On Friday, Airbus announced that the Jupiter Icy Moons Explorer (JUICE) interplanetary robotic space station is fully assembled and ready to be sent to the launch site and further into space en route to the moons of Jupiter. The probe weighing 6.2 tons will be launched into space on a European Ariane 5 launch vehicle from the Kourou launch site in French Guiana. The journey to the moons of Jupiter will take about 8 years, and the scientific work will last a little more than 4 years.


Airbus was chosen as the general contractor for the production of JUICE in 2015. For the past year and a half, the JUICE apparatus has been undergoing final assembly and testing in France at the company's enterprise. The final activities included the installation and layout of a huge 100 m2 solar array, which was developed by the German company Azur Space. By the way, about 500 Airbus employees and over 80 companies from all over Europe worked on the probe.


The probe will leave for the spaceport in early February, where it will be installed on one of the latest Ariane 5 rockets. By the end of 2023, flight tests should begin and then regular flights of the new European Ariane 6 launch vehicle. The departure of the JUICE station in April 2023 will be a glorious end to the service European space horse.


The JUICE station should reach the orbit of Jupiter in July 2031 after a series of gravitational maneuvers in the inner solar system. On board the device will be 10 instruments for studying magnetic fields and obtaining other data in the system of Jupiter and its satellites Ganymede, Europa and Callisto, under the ice of which the oceans may be hiding. On-board instruments include cameras, a radar capable of penetrating into and under the ice, sensors for measuring altitude and obtaining other information.

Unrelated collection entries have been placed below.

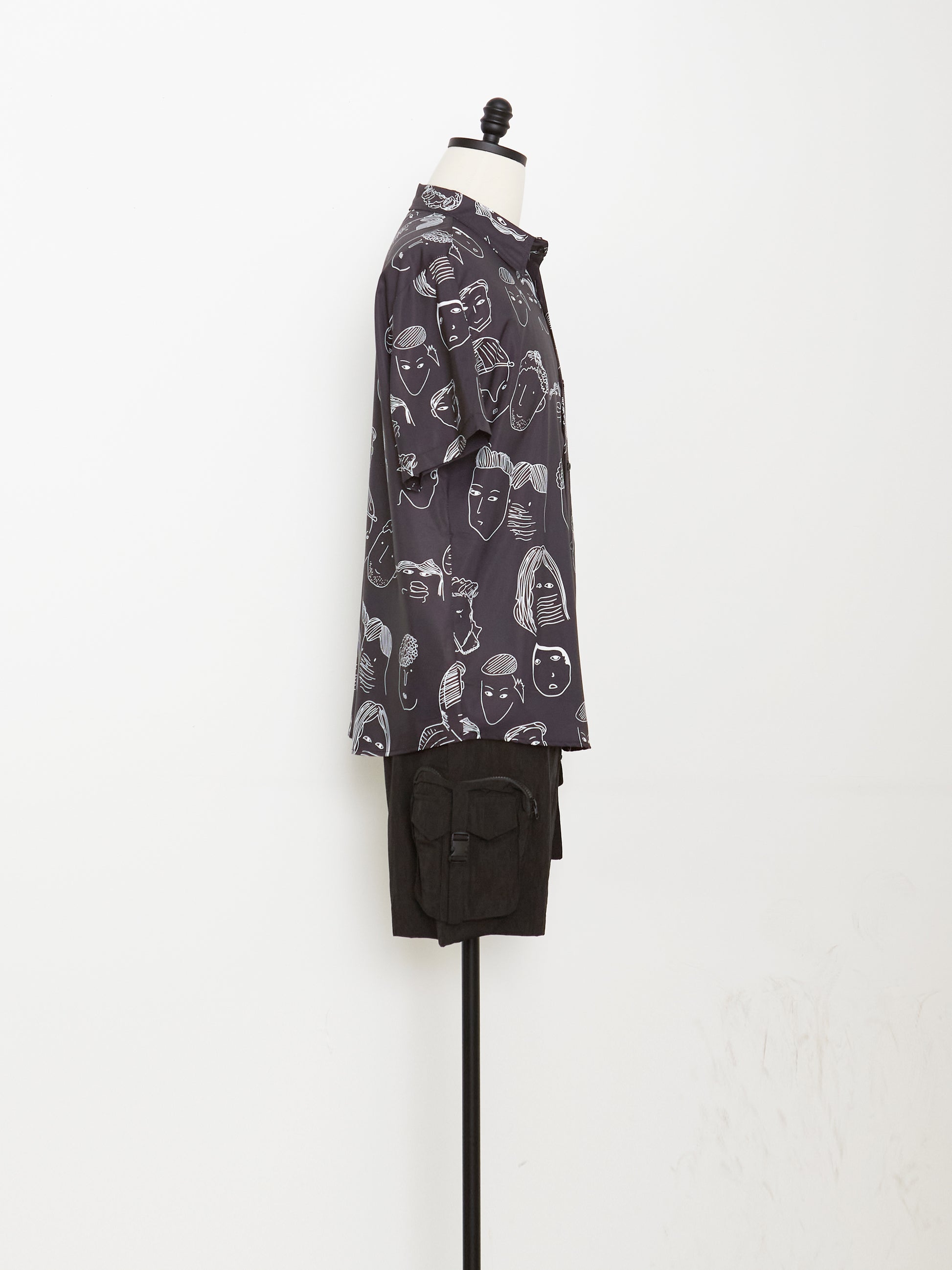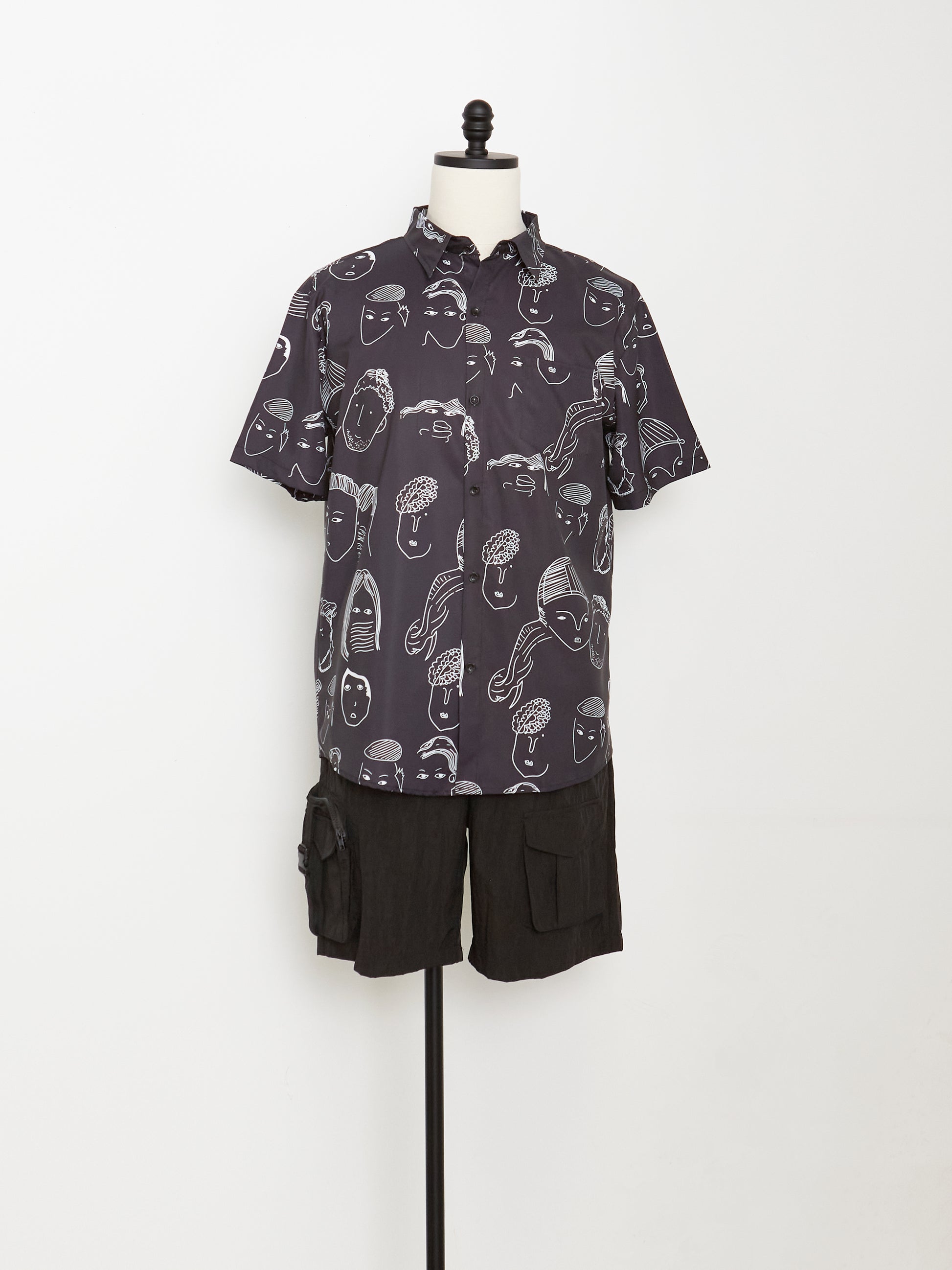 Crafted from polyester for a light finish in blue, this regular fit shirt features a unique human drawing for a laid-back but stylish style. The shirt collar with white stitch and black button elevate this style.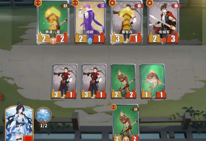 而这个时候的西施已经拿到三张核心卡牌的话,其实可以拿到的胜利概率相比其他的同时期武将而言是更大一些的,当然如果在完成西施的各种套路搭配之后,大家要注意她在第三个回合里面更适合去搭配奔波儿灞,奔波儿灞在当前作为一个基础的卡牌前期赶紧拿,后面在普通回合里面拿到的卡大家也要注意星级,第一个回合拿一星卡的话也是留在手中,第二个回合有两张相同一星卡的话就可以用起来,如果商店当中建议大家是选择同样的两张卡,如果没有的话,留一张就可以了,第三个回合里面,然后店里面只要刷出了奔波儿灞,那么大家就可以拿到前期的更多优势。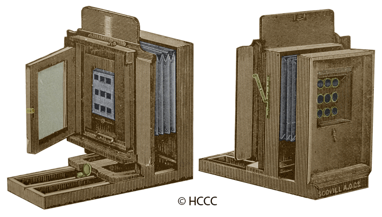 The Multiplying Camera was manufactured by the American Optical Company beginning in the early 1870s and has evolved over the some thirty years that it was produced. The model depicted in the illustration is from the late 1880s. Constructed of fine mahogany and supplied with nine gem tubes. The camera was capable of making seventy two, thirty six and eighteen gems on a 7 x 10 plate. The lens arrangement could be changed to achieve numerous sizes including Imperial, Victoria, Cabinet sized cards. priced at $100.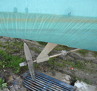 Christophek@ voici mes hélices ! C'est sur qu'avec deux pales pareilles, ça freine. D'ou mon idée d'avoir un système repliable à mettre hors de l'eau lorsque je suis à la voile. Car même si cela peut faire rire,dans les faits, il marche bien à la voile ce bateau (sous réserve de ne pas chercher à faire du près à petite vitesse !) L'autre expérience (modeste) que j'ai avec les catas, c'est le poids: plus c'est léger et mieux ça marche, et comme il y a du volume, on entasse. Le mien fait 2800 kgs en données constructeur, mais plus probablement 3500 si je le mets sur une balance. D'ou ma démarche, alléger et enlever les freins !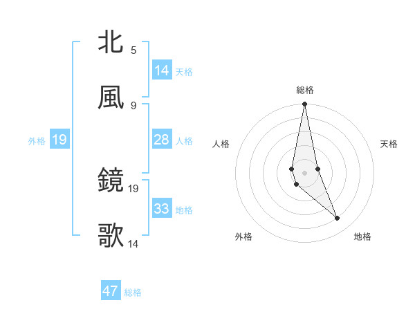 北風 鏡歌さんの総格は47画の5点!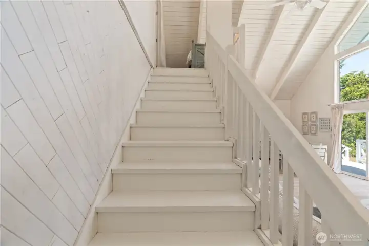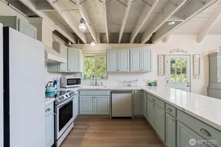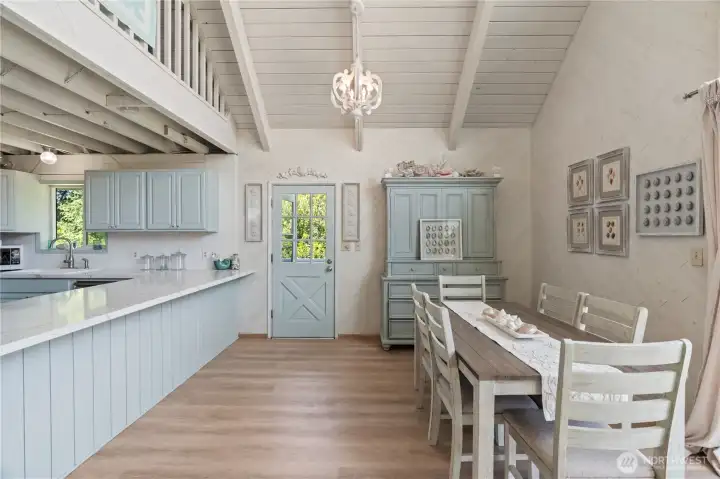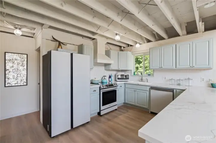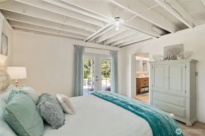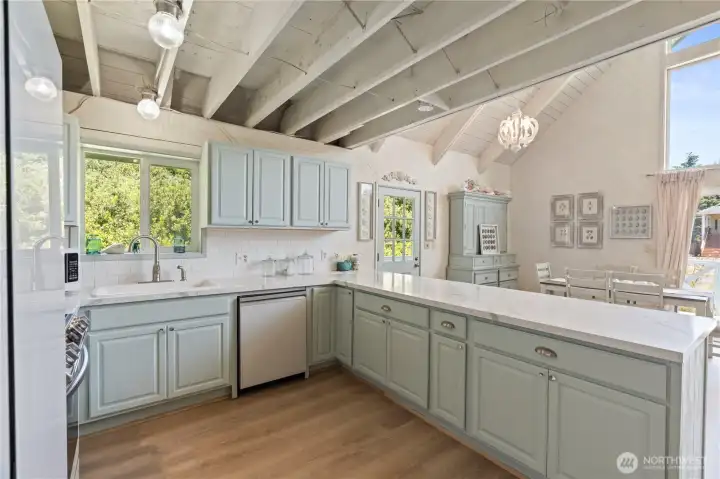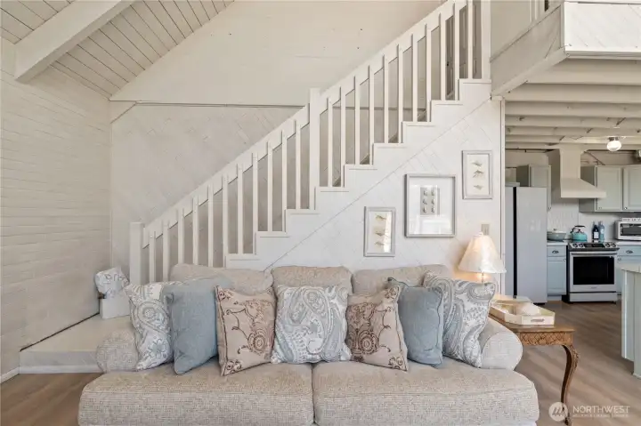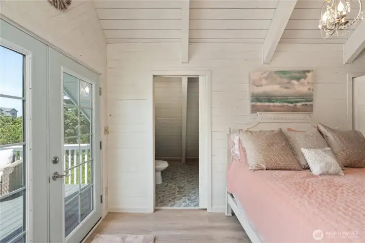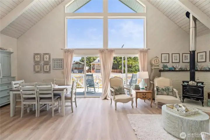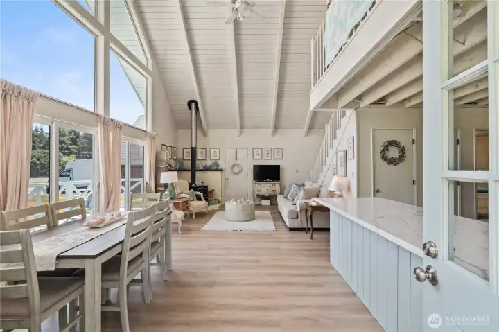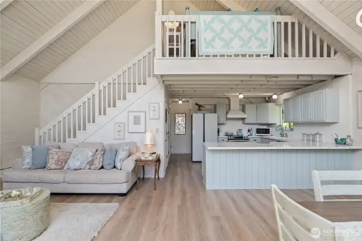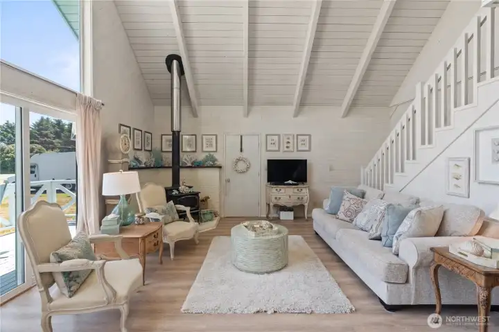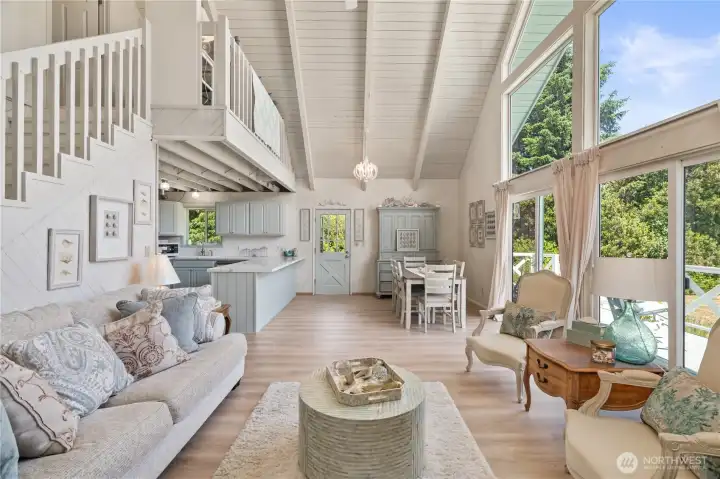 This fully renovated chalet-style beach cottage offers two luxurious primary en-suites and an inviting blend of coastal charm and modern design. Showcasing beautifully painted woodwork, exposed beams, and soaring ceilings, the open-concept living and dining areas are bathed in natural light from floor-to-ceiling windows. The brand-new chef’s kitchen features high-end Samsung Café appliances, a custom range hood, new cabinetry, designer tile backsplash, and sleek quartz countertops—perfect for entertaining or quiet mornings at the beach. Upstairs, a serene vaulted-ceiling suite boasts a spa-inspired ensuite bathroom with a soaking tub, a spacious walk-in closet, and French doors opening to a new west-facing deck. The loft provides additional flexible living space—ideal for an office, lounge, or guest area. The main-level suite offers double closets, a stylish ensuite bath with dual vanities, and French doors that lead to a newly paved patio with a seating area and firepit. A large laundry room with a half bath completes the main level. Enjoy expansive outdoor living and timeless coastal elegance in this thoughtfully reimagined beach retreat. Owners have access to O.S. Community Club amenities, RV parking.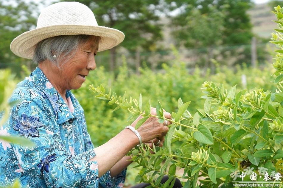 “現(xiàn)在是采摘金銀花的時(shí)節(jié),家里比較閑,到基地來(lái)干點(diǎn)零活,一天摘十五斤左右,能掙七八十塊錢(qián)。”隴城鎮(zhèn)鳳尾村村民王亞蘭告訴記者。
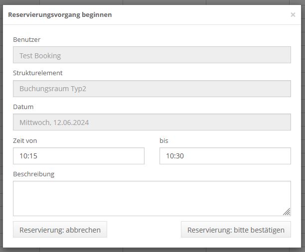 - Die auswählbare Uhrzeit hängt an dem für diesen Buchungsort definierten Zeitraster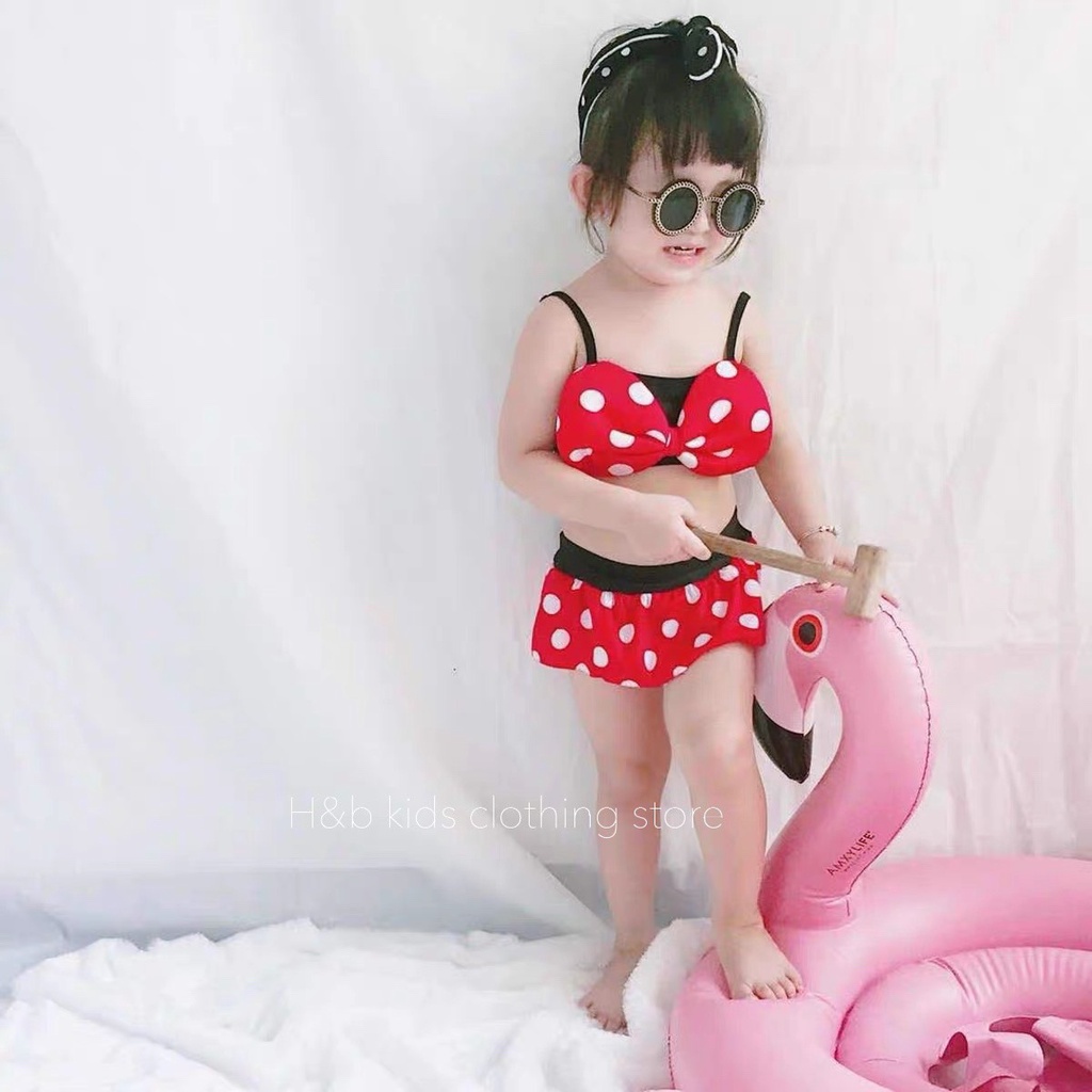 Bikini Cho Bé Gái 3 Chi Tiết Mẫu Đỏ Chấm Bi 0-5 Tuổi QB06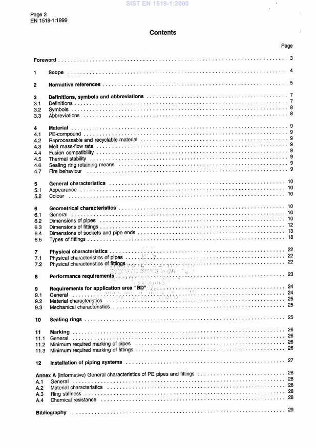 EN 1519-1:1999 is a standard published by the European Committee for Standardization (CEN). Its full title is "Plastics piping systems for soil and waste discharge (low and high temperature) within the building structure - Polyethylene (PE) - Part 1: Specifications for pipes, fittings and the system". This standard covers: This standard specifies the requirements for pipes, fittings and the system of polyethylene (PE) solid-wall piping systems in the field of soil and waste discharge - inside buildings (marked with "B") and - for both inside buildings and buried in ground within the building structure (marked with "BD"). It also specifies the test parameters for the test methods referred to in this standard.

After nearly three and a half years of flying around Ganymede, Europa and Callisto in orbit around Jupiter, in December 2034 the spacecraft will have to enter orbit around Ganymede to get a closer look at the largest moon in the solar system. After completing the mission, which is estimated to cost around 1.5 billion euros ($1.6 billion), JUICE is expected to fall on Ganymede in late 2035, when it runs out of fuel needed to maintain an orbit around the moon.


This will not be the only mission to the Jupiter system of moons in the coming years. In 2024, NASA will launch the Europa Clipper probe to its moon Europa. The station will reach the target a year ahead of the JUICE mission - in 2030. The Europa Clipper instrument will look for signs of possible biological life in Europa's subglacial ocean. The JUICE probe will also deal with this issue, along with a wider range of tasks.